**Required action:** In the data below, locate the line containing "Se trage împreună" and the line containing "Бесін ас: Сүт, вафли.", then retype both and everything between them exactly. Pictures are not part of the copy.

**Provided records:**

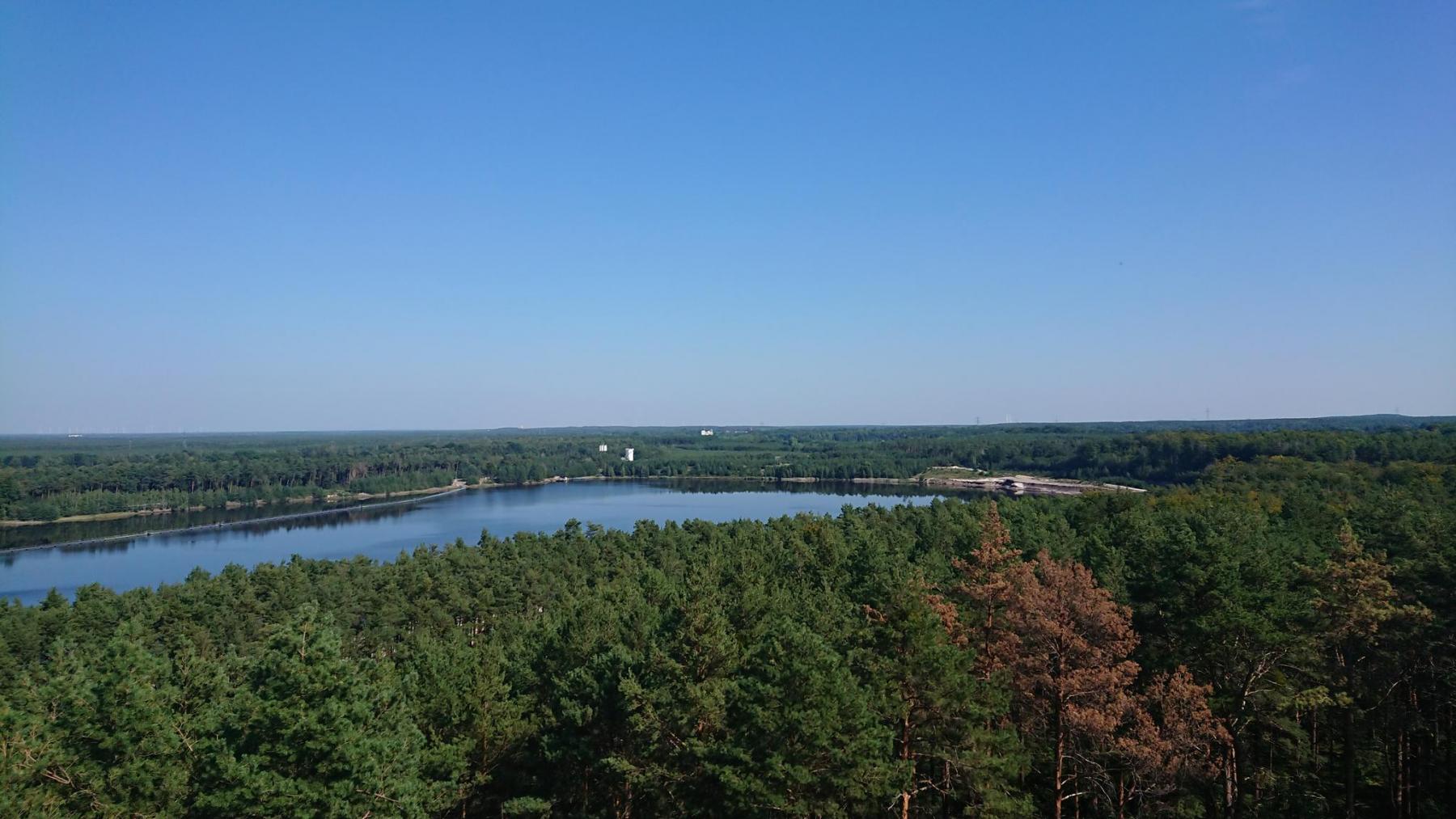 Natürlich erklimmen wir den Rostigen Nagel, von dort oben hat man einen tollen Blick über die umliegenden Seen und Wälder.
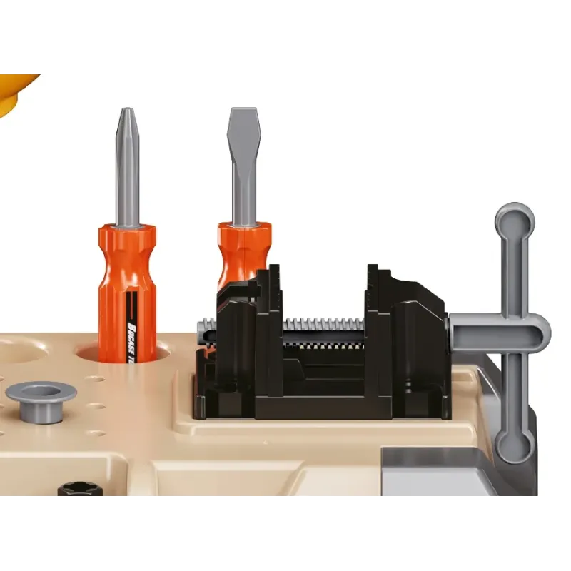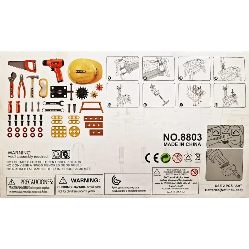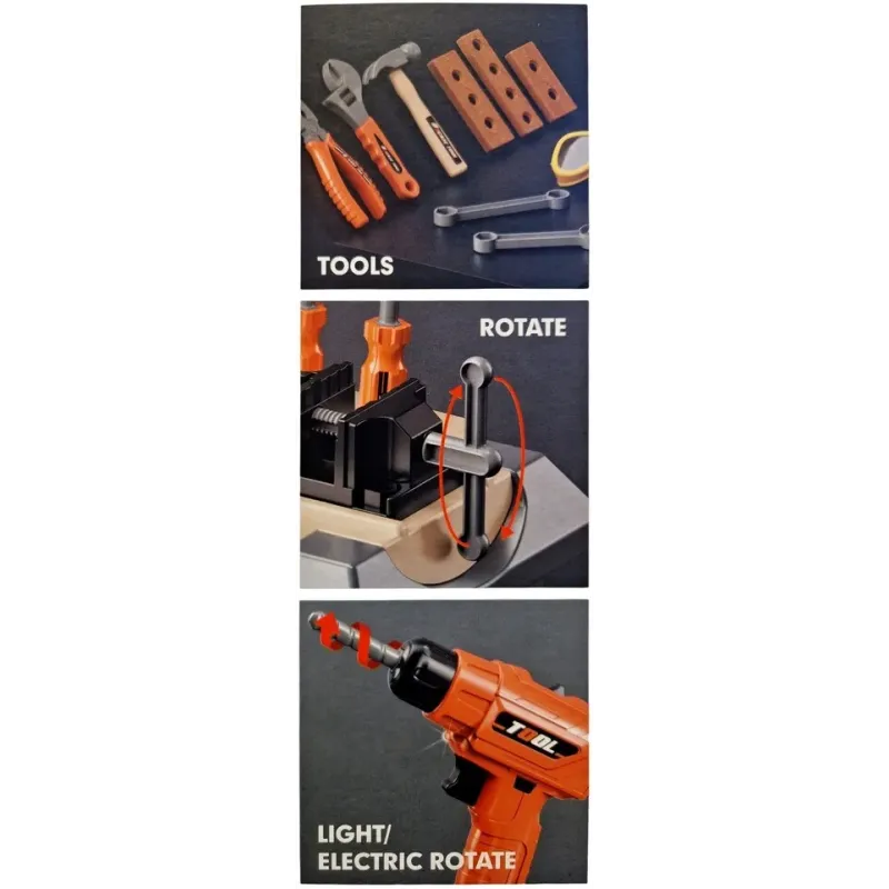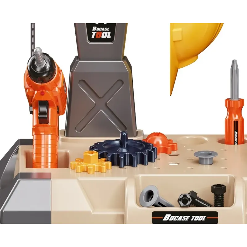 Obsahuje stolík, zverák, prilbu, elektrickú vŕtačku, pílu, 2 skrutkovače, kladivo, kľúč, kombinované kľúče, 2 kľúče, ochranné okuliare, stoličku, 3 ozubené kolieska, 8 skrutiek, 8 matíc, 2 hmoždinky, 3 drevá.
...
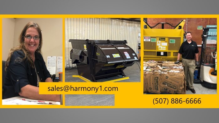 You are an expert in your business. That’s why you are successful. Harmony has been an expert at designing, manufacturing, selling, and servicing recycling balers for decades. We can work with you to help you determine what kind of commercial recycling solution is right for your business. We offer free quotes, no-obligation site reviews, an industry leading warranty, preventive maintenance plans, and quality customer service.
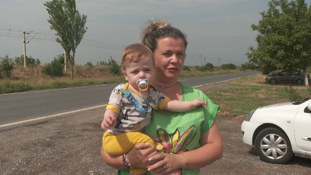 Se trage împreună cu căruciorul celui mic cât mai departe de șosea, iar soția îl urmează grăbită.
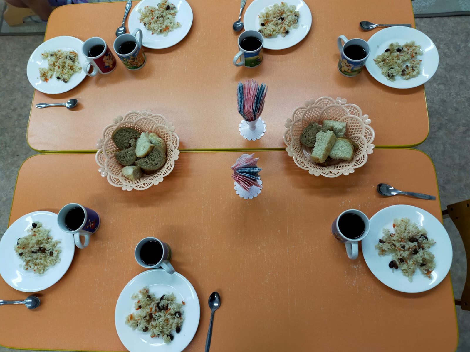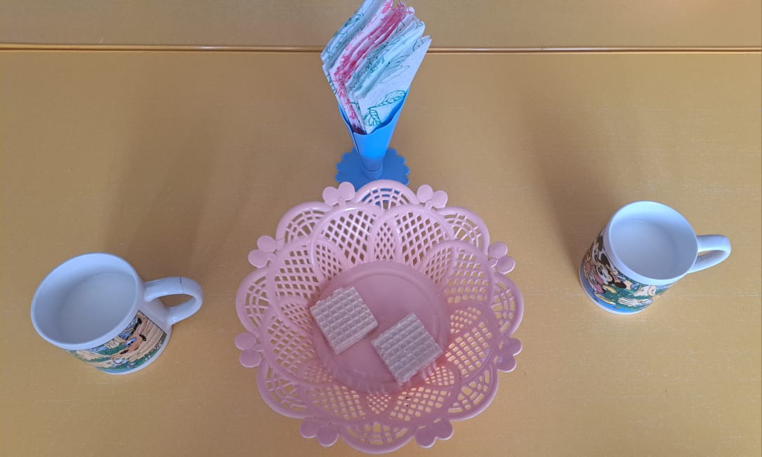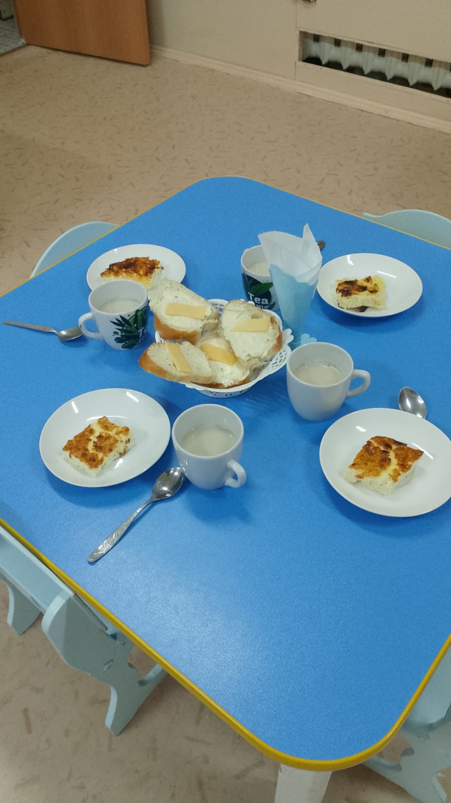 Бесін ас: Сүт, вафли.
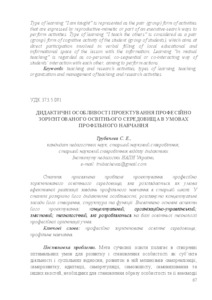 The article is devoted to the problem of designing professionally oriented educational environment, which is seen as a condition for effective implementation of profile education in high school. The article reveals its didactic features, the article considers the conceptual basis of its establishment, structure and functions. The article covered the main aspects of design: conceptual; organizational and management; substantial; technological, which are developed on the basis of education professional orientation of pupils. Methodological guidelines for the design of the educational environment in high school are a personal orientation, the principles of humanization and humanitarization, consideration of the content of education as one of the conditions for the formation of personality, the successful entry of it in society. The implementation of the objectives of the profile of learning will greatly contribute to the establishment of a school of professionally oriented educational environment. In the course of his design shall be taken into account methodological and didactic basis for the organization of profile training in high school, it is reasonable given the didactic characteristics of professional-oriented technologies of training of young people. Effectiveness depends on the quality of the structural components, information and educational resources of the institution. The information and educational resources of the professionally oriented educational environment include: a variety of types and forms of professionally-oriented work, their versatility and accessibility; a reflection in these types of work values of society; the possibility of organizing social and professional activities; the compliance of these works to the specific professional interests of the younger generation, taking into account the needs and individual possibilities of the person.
--
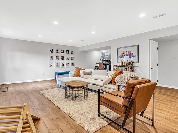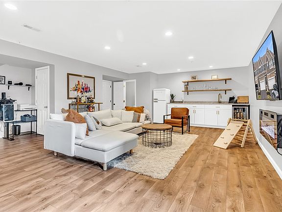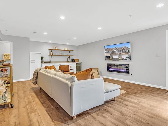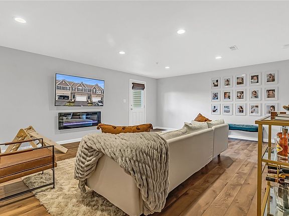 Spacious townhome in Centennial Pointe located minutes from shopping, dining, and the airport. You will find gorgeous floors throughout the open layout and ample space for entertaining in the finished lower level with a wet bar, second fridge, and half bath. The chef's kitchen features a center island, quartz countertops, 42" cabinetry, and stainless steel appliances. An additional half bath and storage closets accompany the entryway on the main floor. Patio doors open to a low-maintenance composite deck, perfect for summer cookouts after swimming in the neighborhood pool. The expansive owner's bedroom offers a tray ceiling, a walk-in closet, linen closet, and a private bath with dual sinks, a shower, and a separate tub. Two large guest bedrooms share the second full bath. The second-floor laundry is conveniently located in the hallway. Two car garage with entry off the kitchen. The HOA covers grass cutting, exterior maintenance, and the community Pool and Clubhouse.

**Exercise answer:**
 Se trage împreună cu căruciorul celui mic cât mai departe de șosea, iar soția îl urmează grăbită.
 Бесін ас: Сүт, вафли.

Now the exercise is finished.